-------- LISTED ENTRIES --------

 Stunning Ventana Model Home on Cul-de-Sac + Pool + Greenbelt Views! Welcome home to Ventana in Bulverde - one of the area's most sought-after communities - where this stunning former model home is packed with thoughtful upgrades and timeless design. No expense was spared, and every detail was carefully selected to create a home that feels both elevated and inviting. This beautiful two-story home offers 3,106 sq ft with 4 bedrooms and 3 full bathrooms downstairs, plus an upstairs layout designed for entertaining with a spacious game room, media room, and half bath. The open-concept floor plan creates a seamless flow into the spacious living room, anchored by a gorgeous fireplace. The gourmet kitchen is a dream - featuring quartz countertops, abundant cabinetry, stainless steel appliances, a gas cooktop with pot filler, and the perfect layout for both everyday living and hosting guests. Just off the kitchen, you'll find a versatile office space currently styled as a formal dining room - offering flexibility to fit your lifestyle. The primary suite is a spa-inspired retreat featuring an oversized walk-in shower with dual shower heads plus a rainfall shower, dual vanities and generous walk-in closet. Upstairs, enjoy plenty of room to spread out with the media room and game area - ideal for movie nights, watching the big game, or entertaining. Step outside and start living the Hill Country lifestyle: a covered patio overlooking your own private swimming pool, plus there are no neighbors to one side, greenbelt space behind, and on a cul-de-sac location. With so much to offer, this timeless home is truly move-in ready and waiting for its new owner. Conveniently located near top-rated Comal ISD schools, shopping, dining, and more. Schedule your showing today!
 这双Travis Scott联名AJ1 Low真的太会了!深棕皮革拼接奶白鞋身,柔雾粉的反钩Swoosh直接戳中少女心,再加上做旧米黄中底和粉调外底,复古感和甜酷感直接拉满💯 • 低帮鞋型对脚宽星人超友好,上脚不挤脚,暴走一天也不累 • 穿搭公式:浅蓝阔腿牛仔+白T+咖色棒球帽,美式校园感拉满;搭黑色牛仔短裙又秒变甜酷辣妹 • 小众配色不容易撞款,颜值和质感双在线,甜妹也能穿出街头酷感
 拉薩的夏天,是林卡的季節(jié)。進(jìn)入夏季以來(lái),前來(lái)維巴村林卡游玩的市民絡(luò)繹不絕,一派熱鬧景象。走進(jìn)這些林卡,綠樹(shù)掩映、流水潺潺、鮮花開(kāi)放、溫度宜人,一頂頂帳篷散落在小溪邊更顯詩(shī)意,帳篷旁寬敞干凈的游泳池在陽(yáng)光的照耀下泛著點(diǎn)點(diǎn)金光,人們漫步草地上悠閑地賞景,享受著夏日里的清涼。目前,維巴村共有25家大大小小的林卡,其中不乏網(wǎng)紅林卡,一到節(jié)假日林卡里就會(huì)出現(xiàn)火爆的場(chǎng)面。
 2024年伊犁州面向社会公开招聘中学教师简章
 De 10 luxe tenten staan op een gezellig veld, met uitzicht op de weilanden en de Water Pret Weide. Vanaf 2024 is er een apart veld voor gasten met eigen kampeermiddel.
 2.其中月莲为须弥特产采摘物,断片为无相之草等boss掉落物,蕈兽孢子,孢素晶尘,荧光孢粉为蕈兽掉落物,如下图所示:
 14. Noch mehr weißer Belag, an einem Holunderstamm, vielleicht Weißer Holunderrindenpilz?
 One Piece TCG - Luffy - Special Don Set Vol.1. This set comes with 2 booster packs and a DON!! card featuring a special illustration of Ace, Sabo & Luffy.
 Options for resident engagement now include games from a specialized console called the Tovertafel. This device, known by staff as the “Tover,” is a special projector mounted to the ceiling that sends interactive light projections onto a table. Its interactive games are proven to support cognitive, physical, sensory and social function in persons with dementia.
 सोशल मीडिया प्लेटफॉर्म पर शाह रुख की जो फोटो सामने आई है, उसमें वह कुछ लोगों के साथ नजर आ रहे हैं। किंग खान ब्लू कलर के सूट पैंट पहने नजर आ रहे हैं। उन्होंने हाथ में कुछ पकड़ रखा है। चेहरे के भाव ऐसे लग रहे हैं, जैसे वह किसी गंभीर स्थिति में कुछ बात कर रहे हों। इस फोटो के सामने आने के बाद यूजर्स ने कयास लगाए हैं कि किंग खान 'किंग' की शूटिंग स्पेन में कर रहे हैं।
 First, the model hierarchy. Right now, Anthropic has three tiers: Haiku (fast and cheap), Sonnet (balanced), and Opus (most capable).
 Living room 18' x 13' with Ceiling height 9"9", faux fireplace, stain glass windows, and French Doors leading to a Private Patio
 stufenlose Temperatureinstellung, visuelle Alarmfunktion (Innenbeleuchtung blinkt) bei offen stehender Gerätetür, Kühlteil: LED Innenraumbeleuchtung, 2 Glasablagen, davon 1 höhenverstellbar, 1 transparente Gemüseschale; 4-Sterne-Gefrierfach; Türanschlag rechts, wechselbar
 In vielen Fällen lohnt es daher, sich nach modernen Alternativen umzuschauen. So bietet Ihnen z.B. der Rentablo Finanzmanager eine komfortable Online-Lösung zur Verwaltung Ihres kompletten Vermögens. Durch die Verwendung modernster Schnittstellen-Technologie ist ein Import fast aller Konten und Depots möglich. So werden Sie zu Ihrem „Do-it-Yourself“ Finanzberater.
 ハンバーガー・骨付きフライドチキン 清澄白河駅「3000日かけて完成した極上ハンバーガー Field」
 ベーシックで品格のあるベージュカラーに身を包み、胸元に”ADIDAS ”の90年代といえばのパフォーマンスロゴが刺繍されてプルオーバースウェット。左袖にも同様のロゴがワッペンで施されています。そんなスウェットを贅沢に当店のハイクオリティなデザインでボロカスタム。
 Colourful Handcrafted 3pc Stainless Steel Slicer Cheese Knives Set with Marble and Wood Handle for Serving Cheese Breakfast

--------

# REQUIRED WORK
Repeat each line of the data exactly, missing none.

# TASK SOLUTION
 Stunning Ventana Model Home on Cul-de-Sac + Pool + Greenbelt Views! Welcome home to Ventana in Bulverde - one of the area's most sought-after communities - where this stunning former model home is packed with thoughtful upgrades and timeless design. No expense was spared, and every detail was carefully selected to create a home that feels both elevated and inviting. This beautiful two-story home offers 3,106 sq ft with 4 bedrooms and 3 full bathrooms downstairs, plus an upstairs layout designed for entertaining with a spacious game room, media room, and half bath. The open-concept floor plan creates a seamless flow into the spacious living room, anchored by a gorgeous fireplace. The gourmet kitchen is a dream - featuring quartz countertops, abundant cabinetry, stainless steel appliances, a gas cooktop with pot filler, and the perfect layout for both everyday living and hosting guests. Just off the kitchen, you'll find a versatile office space currently styled as a formal dining room - offering flexibility to fit your lifestyle. The primary suite is a spa-inspired retreat featuring an oversized walk-in shower with dual shower heads plus a rainfall shower, dual vanities and generous walk-in closet. Upstairs, enjoy plenty of room to spread out with the media room and game area - ideal for movie nights, watching the big game, or entertaining. Step outside and start living the Hill Country lifestyle: a covered patio overlooking your own private swimming pool, plus there are no neighbors to one side, greenbelt space behind, and on a cul-de-sac location. With so much to offer, this timeless home is truly move-in ready and waiting for its new owner. Conveniently located near top-rated Comal ISD schools, shopping, dining, and more. Schedule your showing today!
 这双Travis Scott联名AJ1 Low真的太会了!深棕皮革拼接奶白鞋身,柔雾粉的反钩Swoosh直接戳中少女心,再加上做旧米黄中底和粉调外底,复古感和甜酷感直接拉满💯 • 低帮鞋型对脚宽星人超友好,上脚不挤脚,暴走一天也不累 • 穿搭公式:浅蓝阔腿牛仔+白T+咖色棒球帽,美式校园感拉满;搭黑色牛仔短裙又秒变甜酷辣妹 • 小众配色不容易撞款,颜值和质感双在线,甜妹也能穿出街头酷感
 拉薩的夏天,是林卡的季節(jié)。進(jìn)入夏季以來(lái),前來(lái)維巴村林卡游玩的市民絡(luò)繹不絕,一派熱鬧景象。走進(jìn)這些林卡,綠樹(shù)掩映、流水潺潺、鮮花開(kāi)放、溫度宜人,一頂頂帳篷散落在小溪邊更顯詩(shī)意,帳篷旁寬敞干凈的游泳池在陽(yáng)光的照耀下泛著點(diǎn)點(diǎn)金光,人們漫步草地上悠閑地賞景,享受著夏日里的清涼。目前,維巴村共有25家大大小小的林卡,其中不乏網(wǎng)紅林卡,一到節(jié)假日林卡里就會(huì)出現(xiàn)火爆的場(chǎng)面。
 2024年伊犁州面向社会公开招聘中学教师简章
 De 10 luxe tenten staan op een gezellig veld, met uitzicht op de weilanden en de Water Pret Weide. Vanaf 2024 is er een apart veld voor gasten met eigen kampeermiddel.
 2.其中月莲为须弥特产采摘物,断片为无相之草等boss掉落物,蕈兽孢子,孢素晶尘,荧光孢粉为蕈兽掉落物,如下图所示:
 14. Noch mehr weißer Belag, an einem Holunderstamm, vielleicht Weißer Holunderrindenpilz?
 One Piece TCG - Luffy - Special Don Set Vol.1. This set comes with 2 booster packs and a DON!! card featuring a special illustration of Ace, Sabo & Luffy.
 Options for resident engagement now include games from a specialized console called the Tovertafel. This device, known by staff as the “Tover,” is a special projector mounted to the ceiling that sends interactive light projections onto a table. Its interactive games are proven to support cognitive, physical, sensory and social function in persons with dementia.
 सोशल मीडिया प्लेटफॉर्म पर शाह रुख की जो फोटो सामने आई है, उसमें वह कुछ लोगों के साथ नजर आ रहे हैं। किंग खान ब्लू कलर के सूट पैंट पहने नजर आ रहे हैं। उन्होंने हाथ में कुछ पकड़ रखा है। चेहरे के भाव ऐसे लग रहे हैं, जैसे वह किसी गंभीर स्थिति में कुछ बात कर रहे हों। इस फोटो के सामने आने के बाद यूजर्स ने कयास लगाए हैं कि किंग खान 'किंग' की शूटिंग स्पेन में कर रहे हैं।
 First, the model hierarchy. Right now, Anthropic has three tiers: Haiku (fast and cheap), Sonnet (balanced), and Opus (most capable).
 Living room 18' x 13' with Ceiling height 9"9", faux fireplace, stain glass windows, and French Doors leading to a Private Patio
 stufenlose Temperatureinstellung, visuelle Alarmfunktion (Innenbeleuchtung blinkt) bei offen stehender Gerätetür, Kühlteil: LED Innenraumbeleuchtung, 2 Glasablagen, davon 1 höhenverstellbar, 1 transparente Gemüseschale; 4-Sterne-Gefrierfach; Türanschlag rechts, wechselbar
 In vielen Fällen lohnt es daher, sich nach modernen Alternativen umzuschauen. So bietet Ihnen z.B. der Rentablo Finanzmanager eine komfortable Online-Lösung zur Verwaltung Ihres kompletten Vermögens. Durch die Verwendung modernster Schnittstellen-Technologie ist ein Import fast aller Konten und Depots möglich. So werden Sie zu Ihrem „Do-it-Yourself“ Finanzberater.
 ハンバーガー・骨付きフライドチキン 清澄白河駅「3000日かけて完成した極上ハンバーガー Field」
 ベーシックで品格のあるベージュカラーに身を包み、胸元に”ADIDAS ”の90年代といえばのパフォーマンスロゴが刺繍されてプルオーバースウェット。左袖にも同様のロゴがワッペンで施されています。そんなスウェットを贅沢に当店のハイクオリティなデザインでボロカスタム。
 Colourful Handcrafted 3pc Stainless Steel Slicer Cheese Knives Set with Marble and Wood Handle for Serving Cheese Breakfast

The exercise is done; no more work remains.